#### Data for this task

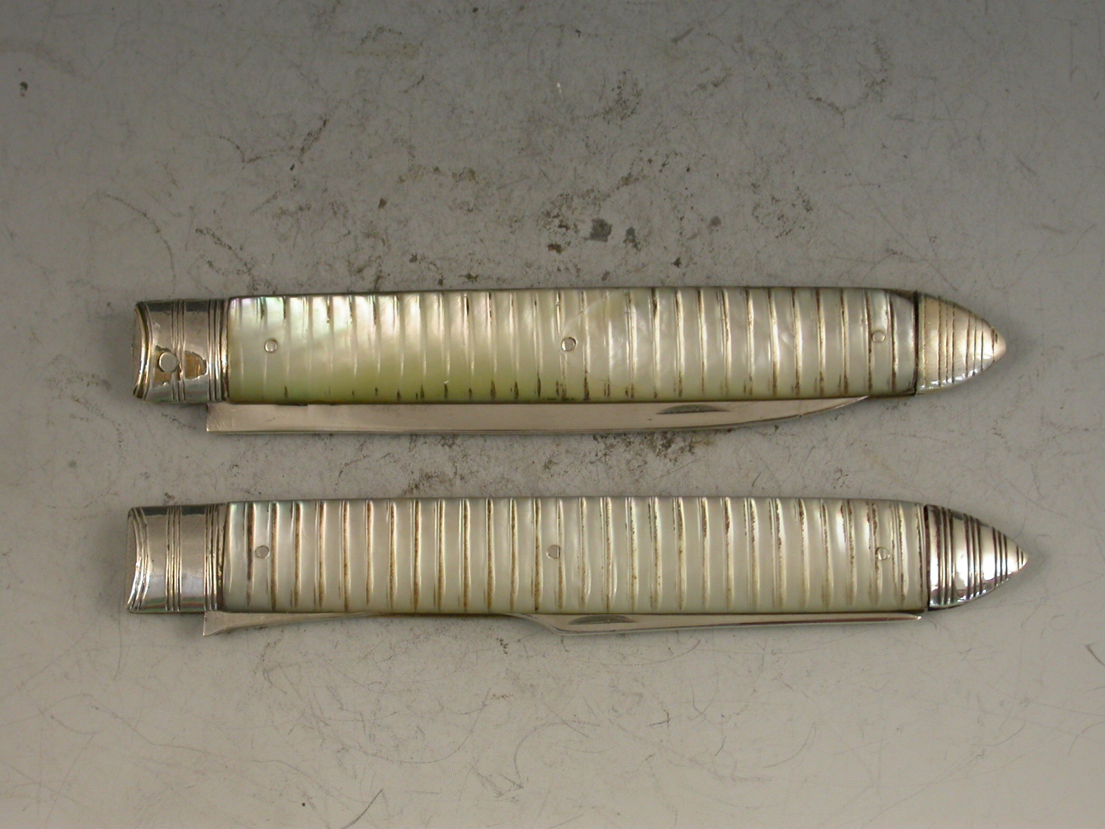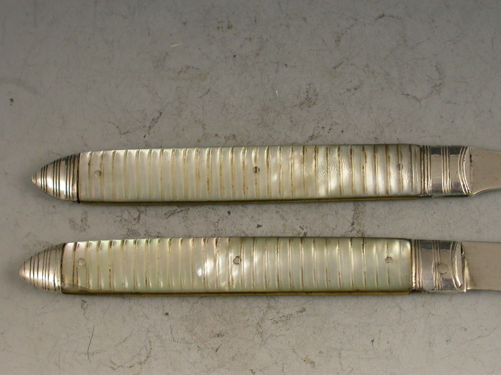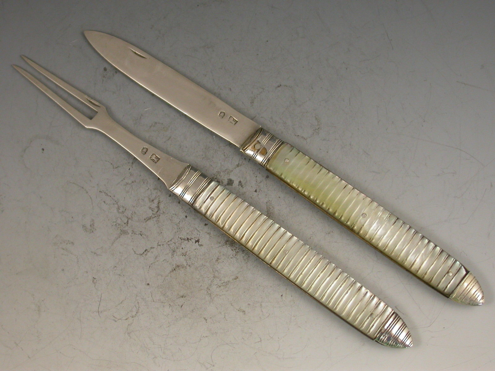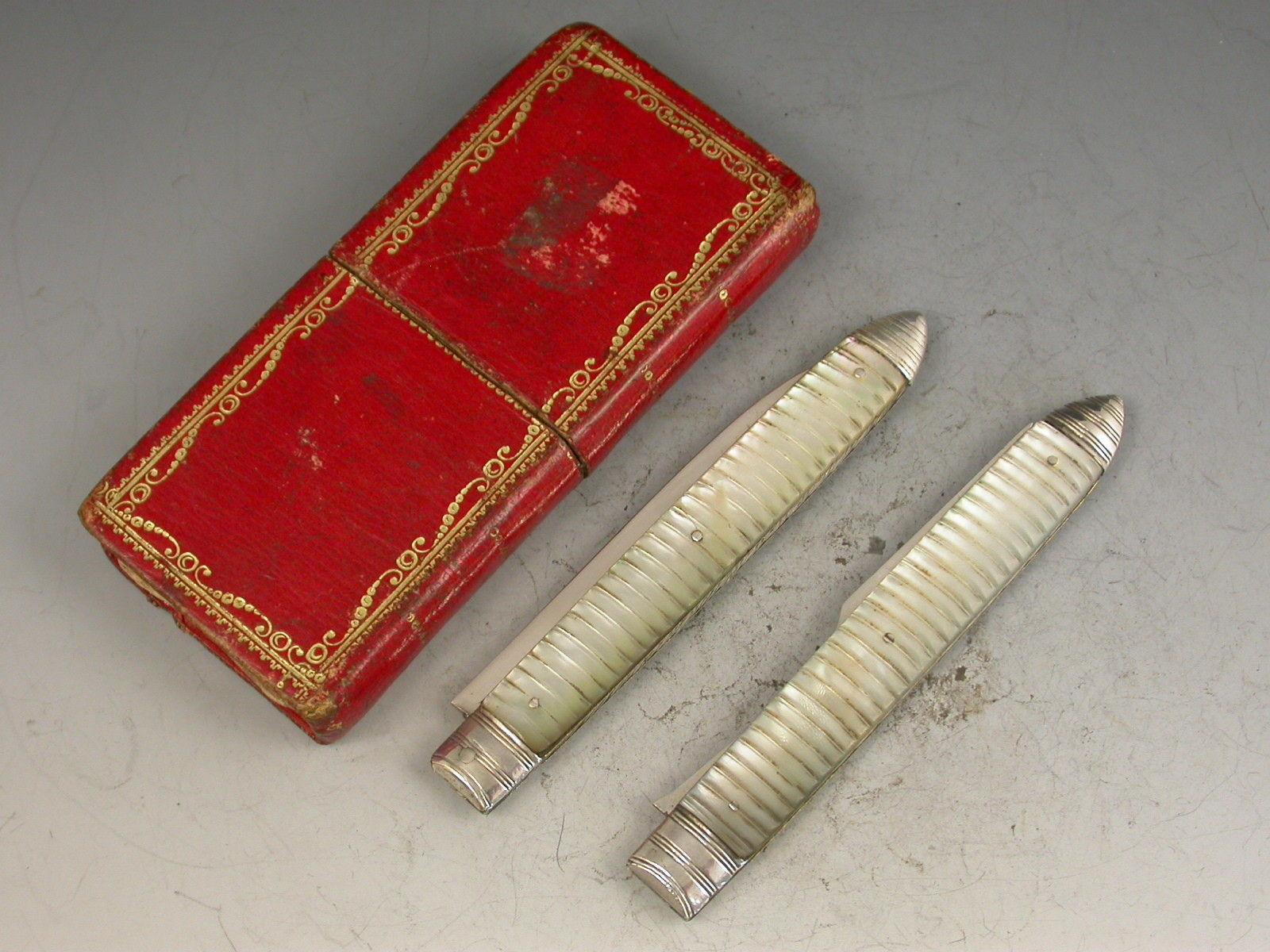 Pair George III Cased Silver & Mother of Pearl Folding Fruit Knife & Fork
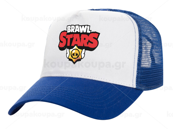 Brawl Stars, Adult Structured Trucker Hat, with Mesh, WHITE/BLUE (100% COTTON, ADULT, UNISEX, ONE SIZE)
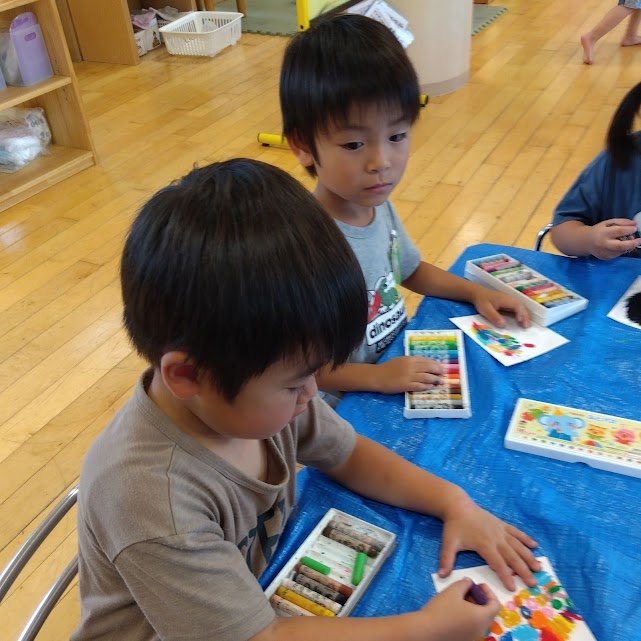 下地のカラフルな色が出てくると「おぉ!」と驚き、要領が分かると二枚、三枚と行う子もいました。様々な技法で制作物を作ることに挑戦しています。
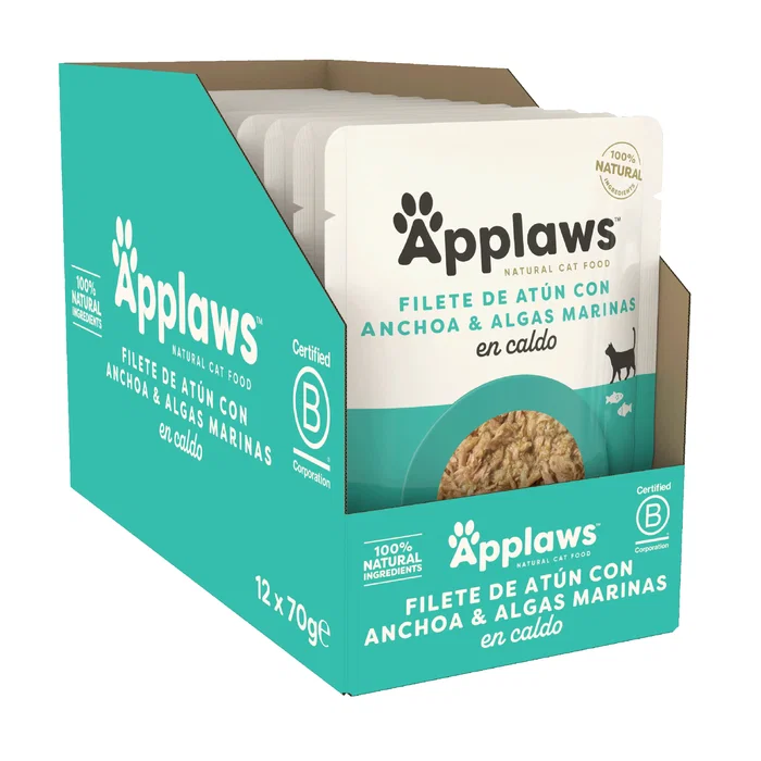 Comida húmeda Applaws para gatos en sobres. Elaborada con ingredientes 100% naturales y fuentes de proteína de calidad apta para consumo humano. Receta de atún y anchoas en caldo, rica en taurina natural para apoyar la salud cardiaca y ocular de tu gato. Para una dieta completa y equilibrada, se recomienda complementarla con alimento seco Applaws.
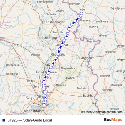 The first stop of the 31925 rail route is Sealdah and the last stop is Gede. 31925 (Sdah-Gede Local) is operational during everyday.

########

## [What the task requires]
Copy exactly the lines that run from the line containing "Comida húmeda Applaws" to the end of the data above, keeping both end lines and leaving out all pictures.

## [Task answer]
 Comida húmeda Applaws para gatos en sobres. Elaborada con ingredientes 100% naturales y fuentes de proteína de calidad apta para consumo humano. Receta de atún y anchoas en caldo, rica en taurina natural para apoyar la salud cardiaca y ocular de tu gato. Para una dieta completa y equilibrada, se recomienda complementarla con alimento seco Applaws.
 The first stop of the 31925 rail route is Sealdah and the last stop is Gede. 31925 (Sdah-Gede Local) is operational during everyday.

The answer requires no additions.